CBO’s Projections of Federal Receipts and Expenditures in the National Income and Product Accounts

August 28, 2014

How do CBO's projections of federal receipts and expenditures in the national income and product accounts compare with CBO's baseline projections of revenues and outlays in the federal budget?


The fiscal transactions of the federal government are recorded in two major sets of accounts. One is The Budget of the United States Government, prepared by the Office of Management and Budget. It is the framework generally used by executive branch agencies and the Congress and is the presentation of the federal government's budgetary activity that is most often discussed in the press.
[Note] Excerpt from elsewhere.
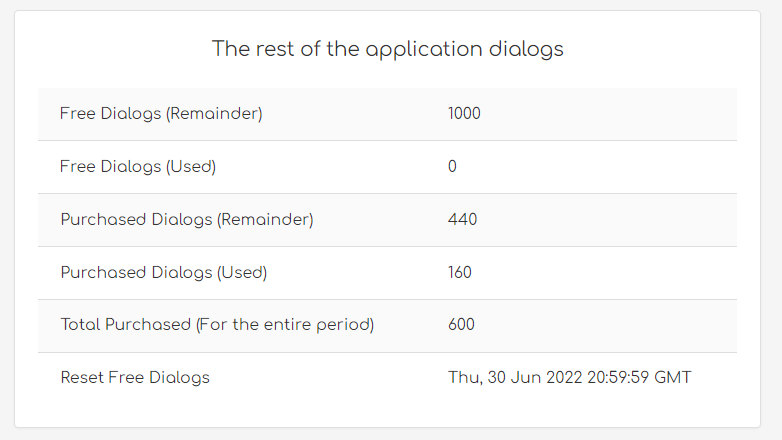 Now you can see a balance of dialogs and a date when free dialogs will expire (end of the month) in Personal Account. This will help you to predict whether the number of free dialogs is enough for a month and buy additional package if required.

The other set of accounts is the national income and product accounts (NIPAs), produced by the Department of Commerce's Bureau of Economic Analysis (BEA).

The purposes served by the budget and the NIPA accounting frameworks, their conceptual differences, and the relationship between those two sets of data are examined briefly below and more thoroughly in previous publications by CBO. CBO recently reported its latest baseline projections of federal revenues and outlays in the standard structure for budget accounting. This report presents those projections in the NIPA framework and shows the differences between the two presentations.

According to CBO's projections, for the 2014–2024 period receipts in the NIPAs are greater than revenues in the budget by about 5 percent, and expenditures in the NIPAs exceed outlays in the budget by about 7 percent. Projected expenditures in the NIPAs exceed projected receipts by $9.0 trillion, whereas projected deficits in the budget total $7.7 trillion.